À quoi tendent mes relations avec le monde ? Je veux en jouir ; il faut pour cela qu'il soit ma propriété, et je veux donc le conquérir. Je ne veux pas la liberté des hommes, je ne veux pas l'égalité des hommes, je ne veux que ma puissance sur les hommes ; je veux qu'ils soient ma propriété, c'est-à-dire qu'ils servent à ma jouissance. Et s'ils s'opposent à mes désirs, eh bien ! le droit de vie et de mort que se sont réserve l'Église et l'État, je déclare que lui aussi — est à moi.

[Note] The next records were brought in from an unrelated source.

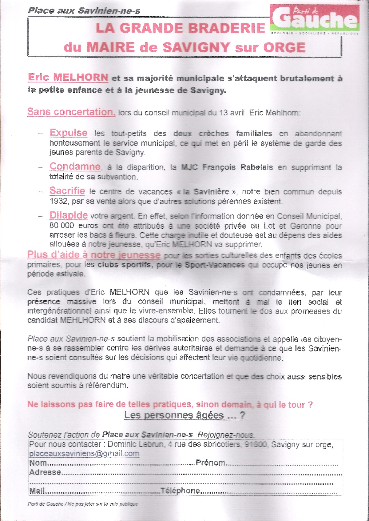 Le Parti de gauche (pardon Place aux Savinien-ne-s, leur association d’influence) et son vocabulaire sensationnaliste qui veut masquer la vacuité de leurs propositions
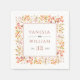Arch with berries and leaves border terracotta fall all in one wedding paper napkin. This lovely design features an a square frame made of berries and leaves, the names in terracotta clay colour and the date of your wedding.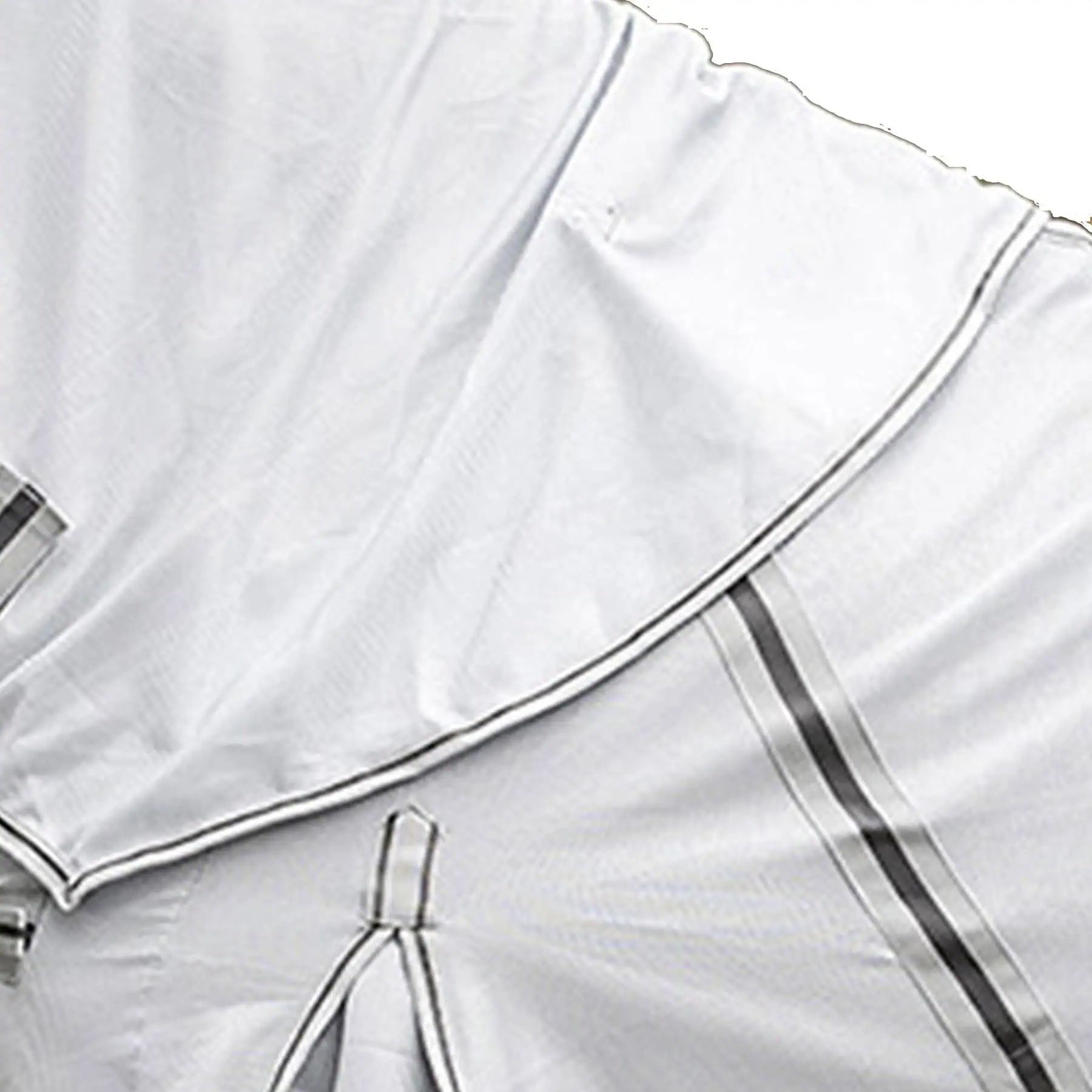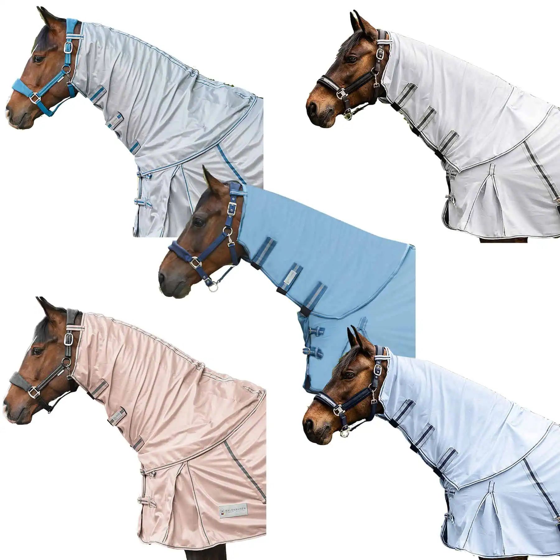 High quality neck piece made of finely meshed fabric to protect neck and mane from annoying insects. Features three strong touch tape fasteners and attachment straps for halter or bridle. Perfectly matches our fly rug 631430.. and exercise sheet 631520...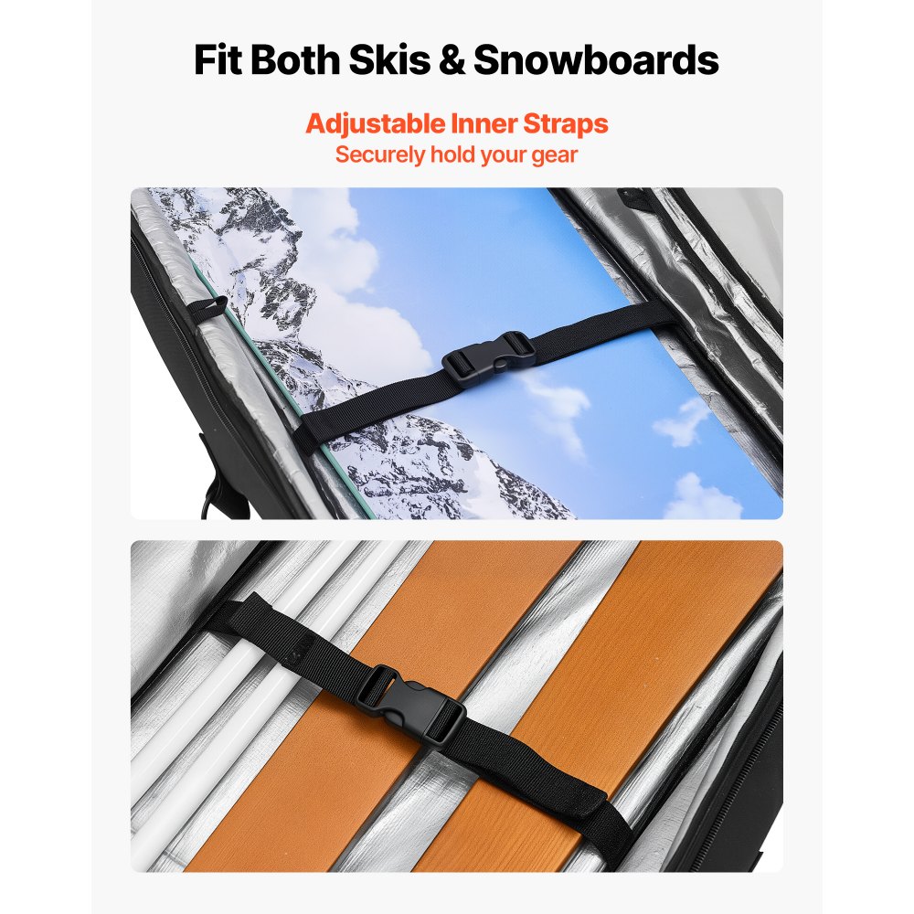 Taška na lyže VEVOR na kolieskach, do 175 cm, polstrovaná taška na snowboard s kolieskami na cestovanie lietadlom, vodeodolná oxfordská tkanina 600D, s nastaviteľnými popruhmi, na lyže, palice, okuliare, rukavice, prilbu, topánky (čierna)
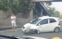 Honda Brio Remuk di Tol Cikupa, Sokbreker Hingga Roda Amburadul di Aspal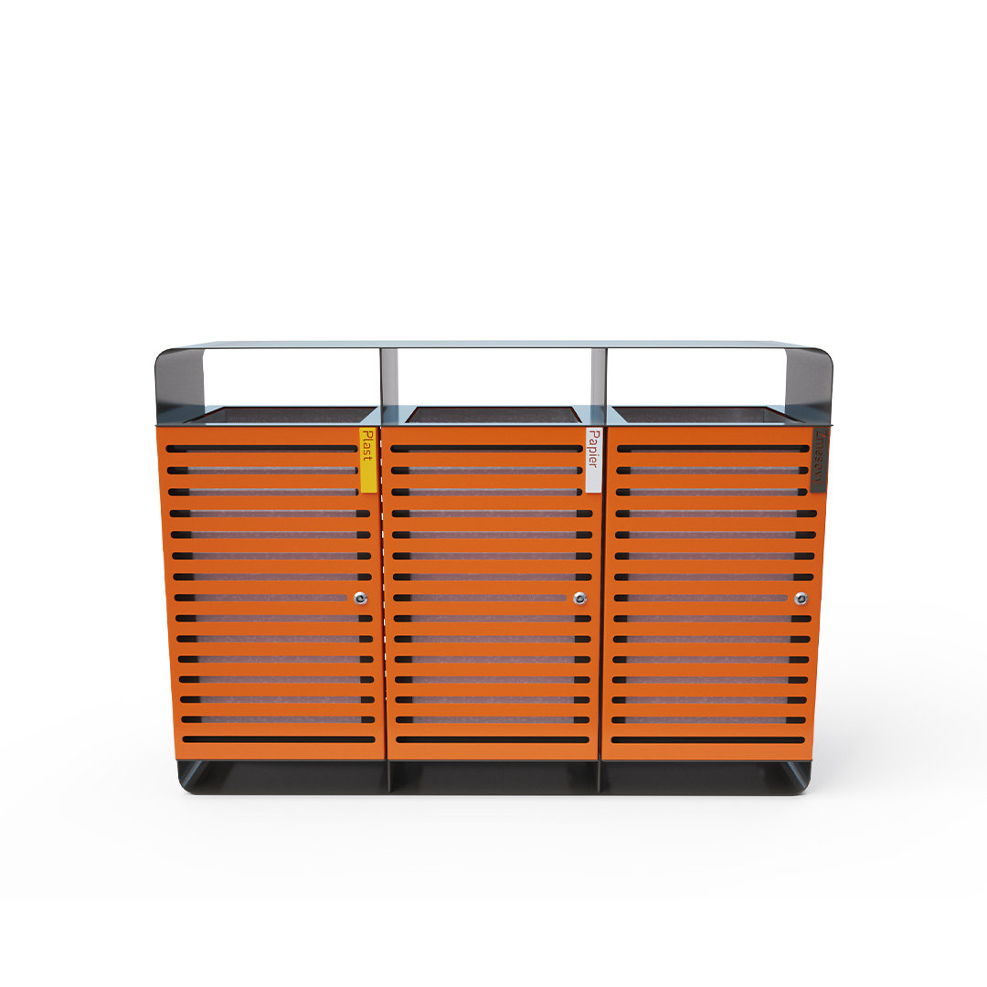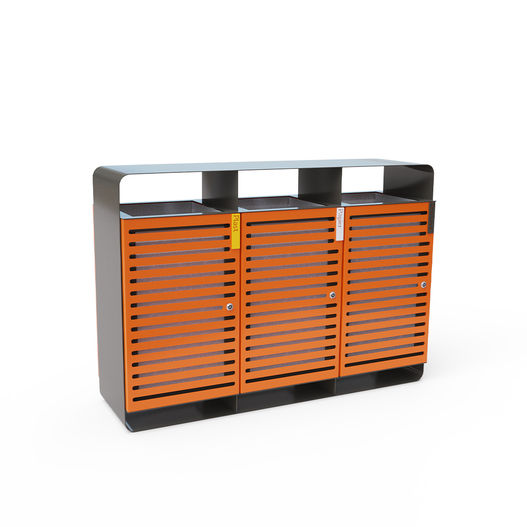 Design-Abfallbehälter mit Deckel und einem Volumen von 3 x 60 l, geeignet für den Außenbereich (Parks, Spielplätze) sowie für Innenräume (Einkaufszentren, Flughafenhallen, Eingangshallen etc.).

Flétrissez cette veuve d'officier qui, durant la retraite de Russie, ayant eu la jambe emportée par un boulet, défit sa jarretière, étrangla son enfant, puis se coucha pour mourir à côté du cadavre ; flétrissez la mémoire de cette mère infanticide. Qui sait, si cet enfant était resté en vie, quels « services il eût pu rendre » au monde ? Et la mère le tua, parce qu'elle voulait mourir contente et tranquille ! Cette histoire émeut peutêtre encore votre sentimentalité, mais vous n'en savez rien tirer d'autre. Soit. Pour moi, je veux montrer par cet exemple que c'est mon contentement qui décide de mes rapports avec les hommes et qu'il n'y a pas d'accès d'humilité qui puisse me faire renoncer au pouvoir de vie et de mort.

Quant aux « devoirs sociaux » en général, ce n'est pas à un tiers à fixer ma position vis-à-vis des autres ; ce n'est, par conséquent, ni Dieu ni l'humanité qui peuvent déterminer les rapports entre moi et les hommes : c'est Moi qui prends position. Cela revient à dire plus nettement : Je n'ai pas de devoirs envers les autres, pas plus que je n'ai de devoirs envers moi (par exemple, le devoir de la conservation, opposé au suicide), à moins que je ne « me » distingue Moi-même (mon âme immortelle de mon existence terrestre, etc.).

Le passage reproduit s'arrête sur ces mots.